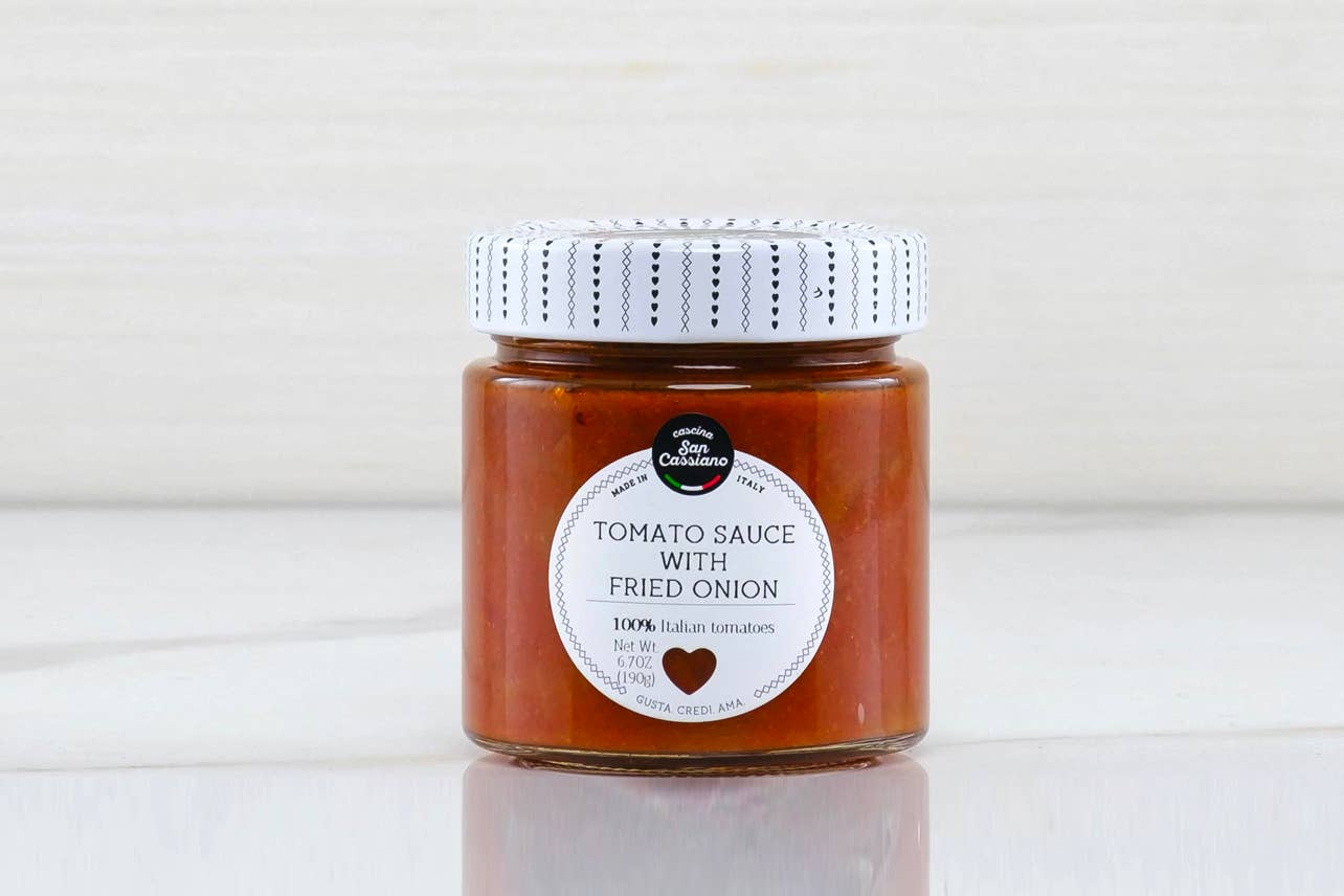 - Ingredients: Tomato pulp, fried onions, sugar, olive oil, salt, linseed flour, oregano, chili pepper. Product of Italy
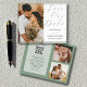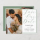 Elegante Ankündigung Datum freihalten ist perfekt, um Ihre Hochzeitspläne in Gang zu bringen. Es verfügt über eine Fotovorlage und große 'Save the Date' Typografie in Salbei grün auf weißem Hintergrund. Passen Sie Ihre persönlichen Daten an.
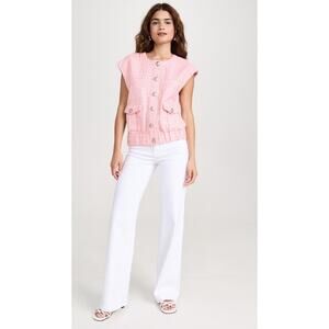 L'Agence Uma Vest in Sugar Plum. Size L / Large. Features round neckline, sleeveless, flap waist pockets, elasticized hem, button closures, sequin embellishments. 55% cotton, 45% polyester. Style 1706PNX. Excellent condition, no flaws.
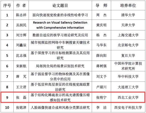 博士毕业生张磊(导师:张艳宁教授)的博士学位论文《基于结构化稀疏表示的高光谱图像压缩感知技术研究》获此殊荣。
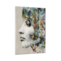 Quadro su vetro - Ritratto di una donna con accenti di colore astratti - 50x70cm - Emersa dal grigio - Decorazione murale moderna per soggiorno e camera da letto ARTTOR
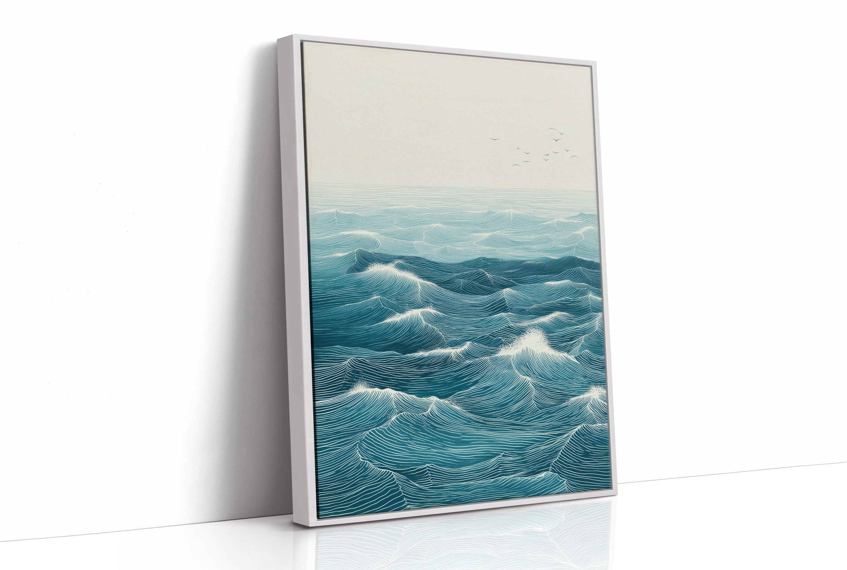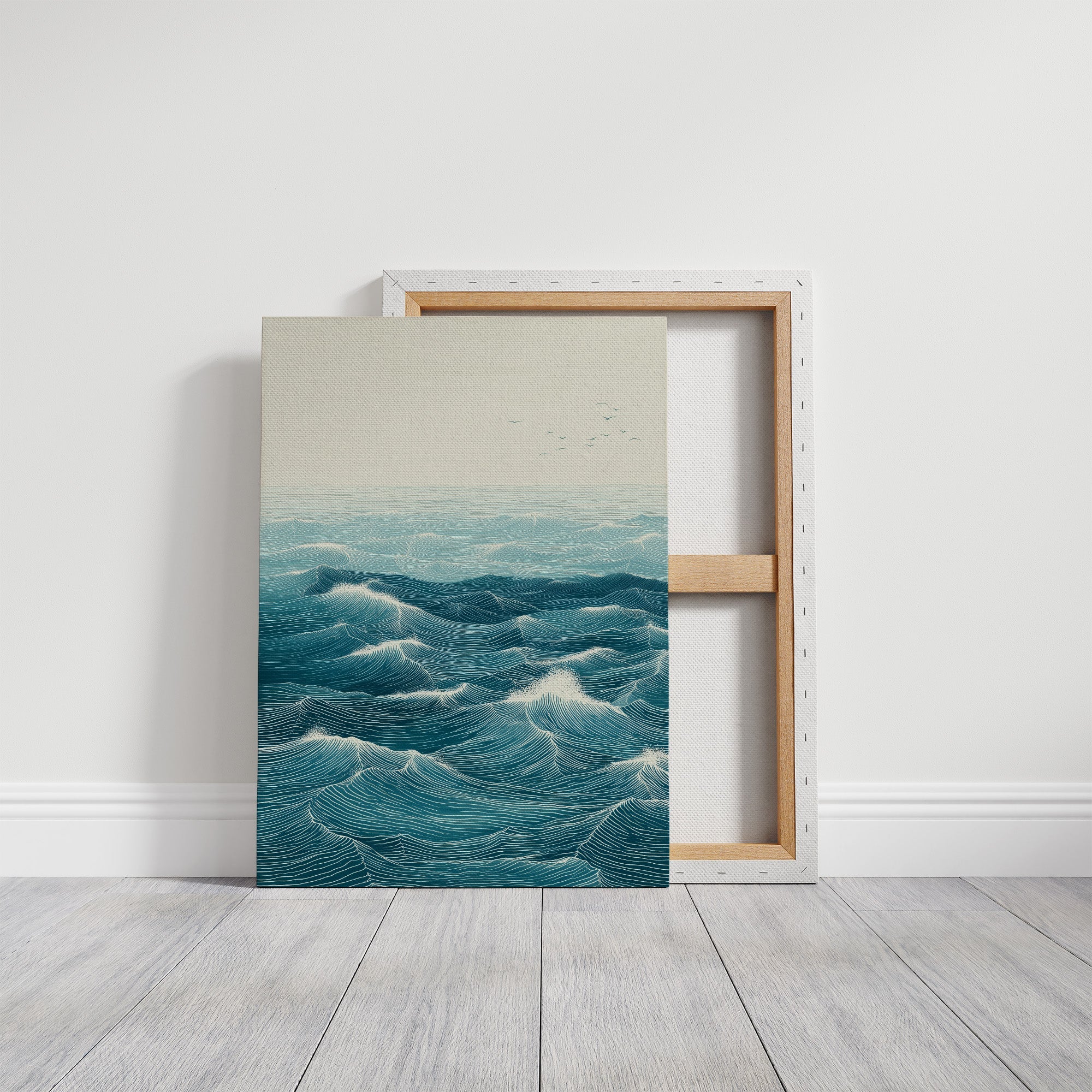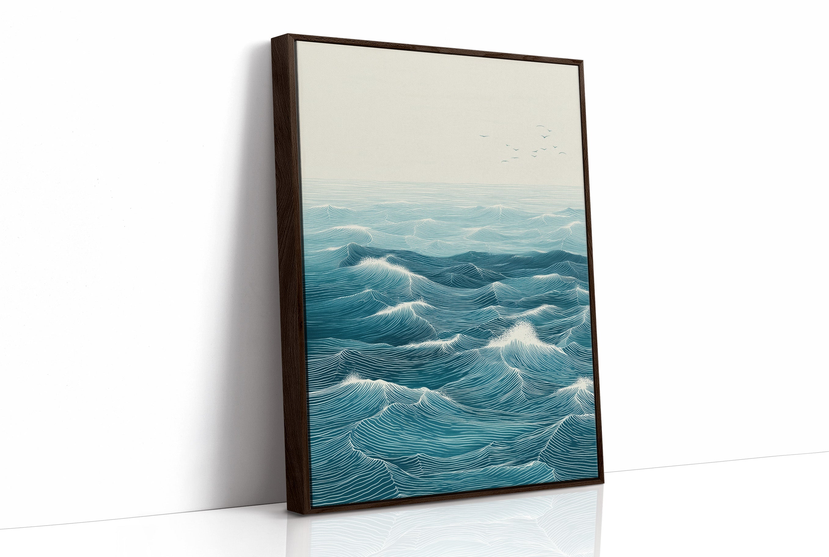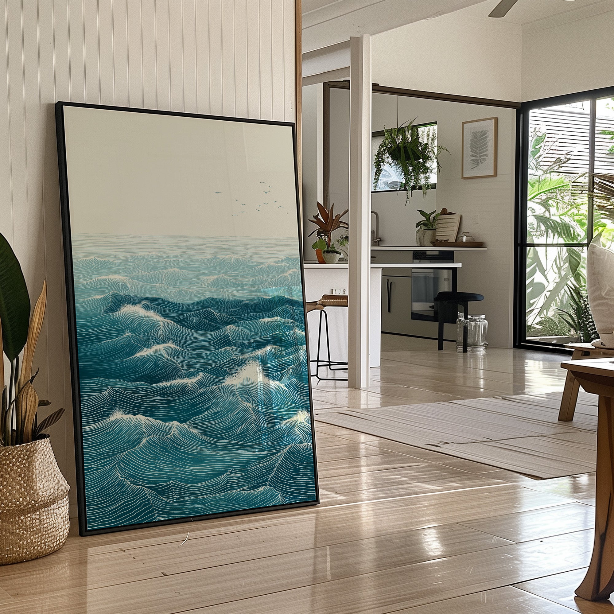 Rhythmic waves pulse across a vast seascape, their turquoise depths catching hints of morning light. Each carefully rendered line creates a hypnotic pattern of rolling swells, suggesting both motion and timeless stability in their endless dance. The minimalist composition draws focus to the intricate details of the ocean's surface, where distant birds soar above the maritime expanse. This statement piece brings coastal serenity to modern interiors, creating a window to the ocean in contemporary homes and spaces. Perfect for brightening a minimal living room or adding depth to a bright, plant-filled sunroom.
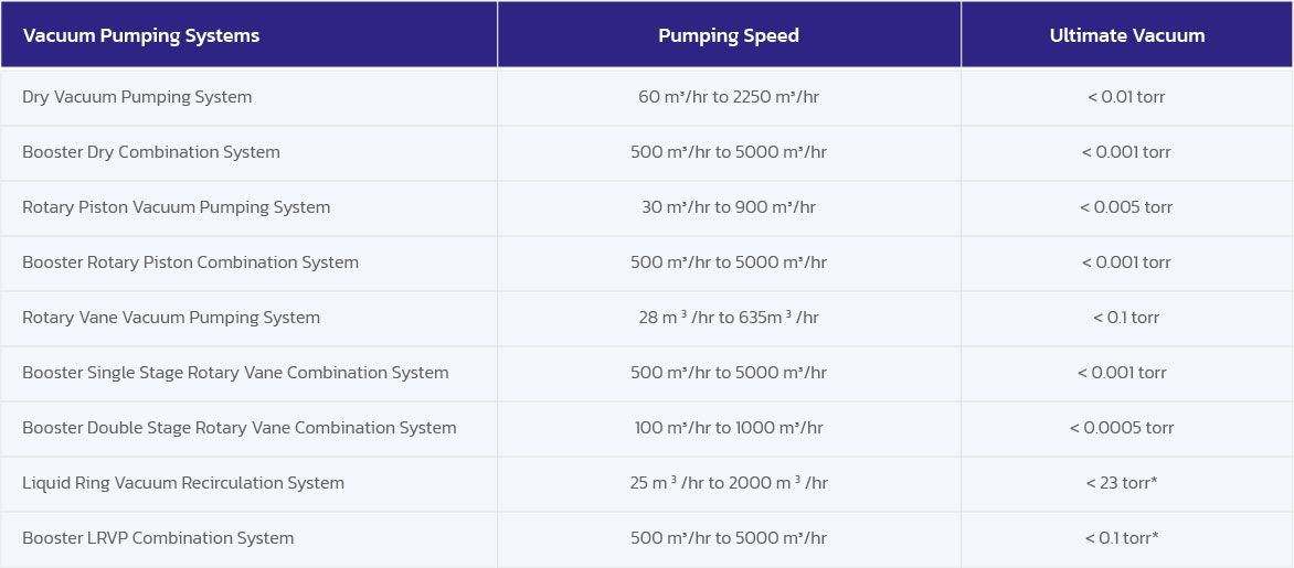 Tekman offers Dry, Rotary Piston, Rotary Vane, and Liquid Ring vacuum pumping systems, with single or double booster configurations and process-specific accessories.
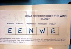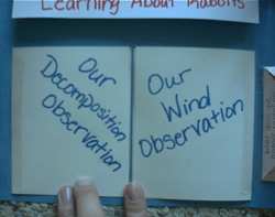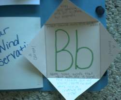 Shows the science section. We went for a nature walk and charted the wind direction. Made a windsock from a lunch-size paper bag and streamers cut from a plastic grocery bag. Decorated the windsock and hung it out for our wind observations. |

__________

▸ **Exercise**
Copy these entries precisely and drop any picture.

▸ **Task answer**
 - Ingredients: Tomato pulp, fried onions, sugar, olive oil, salt, linseed flour, oregano, chili pepper. Product of Italy
 Elegante Ankündigung Datum freihalten ist perfekt, um Ihre Hochzeitspläne in Gang zu bringen. Es verfügt über eine Fotovorlage und große 'Save the Date' Typografie in Salbei grün auf weißem Hintergrund. Passen Sie Ihre persönlichen Daten an.
 L'Agence Uma Vest in Sugar Plum. Size L / Large. Features round neckline, sleeveless, flap waist pockets, elasticized hem, button closures, sequin embellishments. 55% cotton, 45% polyester. Style 1706PNX. Excellent condition, no flaws.
 博士毕业生张磊(导师:张艳宁教授)的博士学位论文《基于结构化稀疏表示的高光谱图像压缩感知技术研究》获此殊荣。
 Quadro su vetro - Ritratto di una donna con accenti di colore astratti - 50x70cm - Emersa dal grigio - Decorazione murale moderna per soggiorno e camera da letto ARTTOR
 Rhythmic waves pulse across a vast seascape, their turquoise depths catching hints of morning light. Each carefully rendered line creates a hypnotic pattern of rolling swells, suggesting both motion and timeless stability in their endless dance. The minimalist composition draws focus to the intricate details of the ocean's surface, where distant birds soar above the maritime expanse. This statement piece brings coastal serenity to modern interiors, creating a window to the ocean in contemporary homes and spaces. Perfect for brightening a minimal living room or adding depth to a bright, plant-filled sunroom.
 Tekman offers Dry, Rotary Piston, Rotary Vane, and Liquid Ring vacuum pumping systems, with single or double booster configurations and process-specific accessories.
 Shows the science section. We went for a nature walk and charted the wind direction. Made a windsock from a lunch-size paper bag and streamers cut from a plastic grocery bag. Decorated the windsock and hung it out for our wind observations. |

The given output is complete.